Start of Data extract

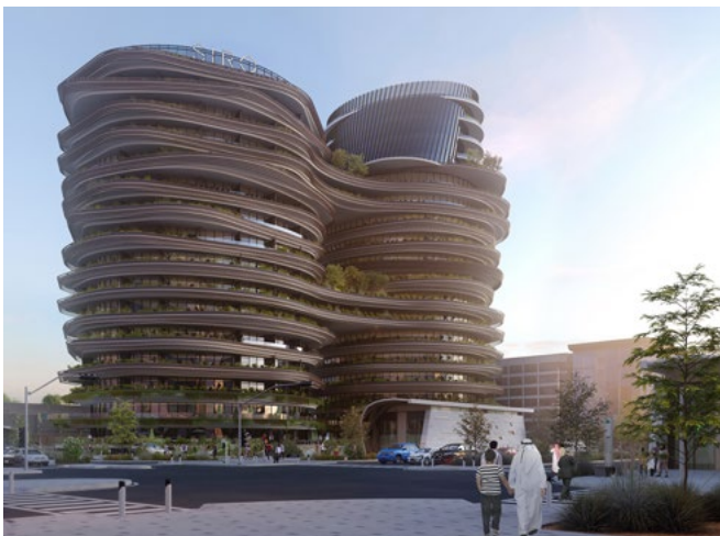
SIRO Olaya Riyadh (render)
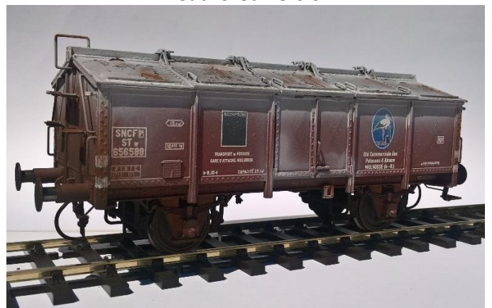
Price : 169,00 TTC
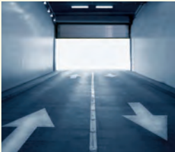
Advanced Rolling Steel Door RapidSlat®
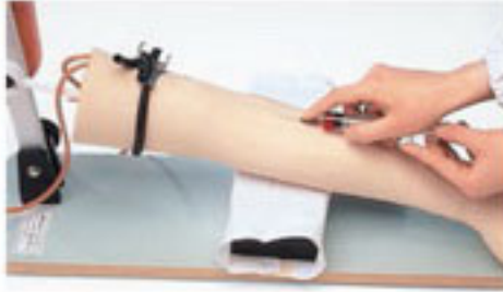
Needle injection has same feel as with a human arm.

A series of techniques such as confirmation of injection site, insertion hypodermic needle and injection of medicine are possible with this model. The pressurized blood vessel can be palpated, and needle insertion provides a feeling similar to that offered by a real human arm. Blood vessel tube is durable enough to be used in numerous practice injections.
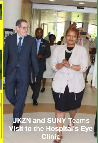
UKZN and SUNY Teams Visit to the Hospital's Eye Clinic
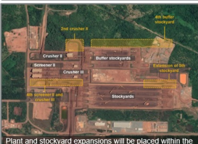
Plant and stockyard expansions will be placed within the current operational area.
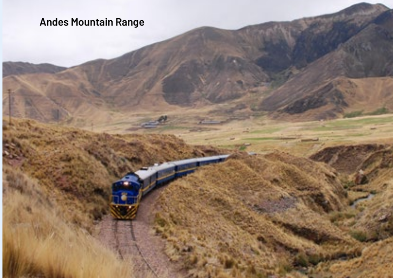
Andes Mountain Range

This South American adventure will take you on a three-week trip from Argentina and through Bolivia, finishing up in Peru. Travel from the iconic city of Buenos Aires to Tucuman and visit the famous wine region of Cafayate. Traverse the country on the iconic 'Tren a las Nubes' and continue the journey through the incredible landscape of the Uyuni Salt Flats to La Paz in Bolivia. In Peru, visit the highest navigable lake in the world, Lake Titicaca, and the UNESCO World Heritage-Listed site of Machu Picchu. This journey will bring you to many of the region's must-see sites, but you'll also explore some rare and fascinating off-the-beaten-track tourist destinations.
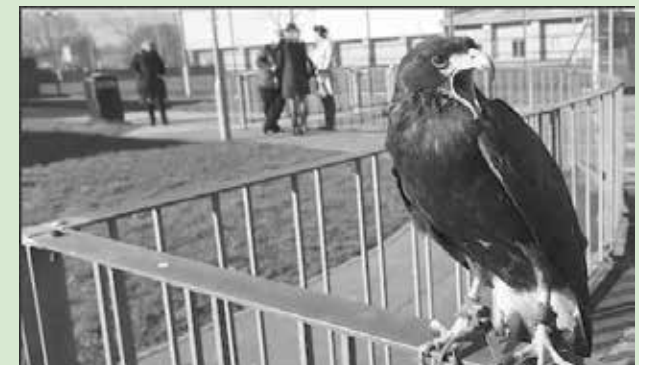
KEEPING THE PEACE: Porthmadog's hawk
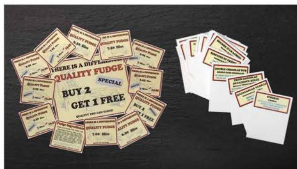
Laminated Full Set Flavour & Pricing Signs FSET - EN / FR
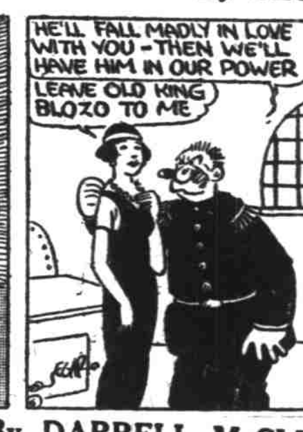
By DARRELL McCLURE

End of Data extract

### Task description
Which lines of the records above contain the word "injection"? Copy each of them.

### Reply to the task
Needle injection has same feel as with a human arm.
A series of techniques such as confirmation of injection site, insertion hypodermic needle and injection of medicine are possible with this model. The pressurized blood vessel can be palpated, and needle insertion provides a feeling similar to that offered by a real human arm. Blood vessel tube is durable enough to be used in numerous practice injections.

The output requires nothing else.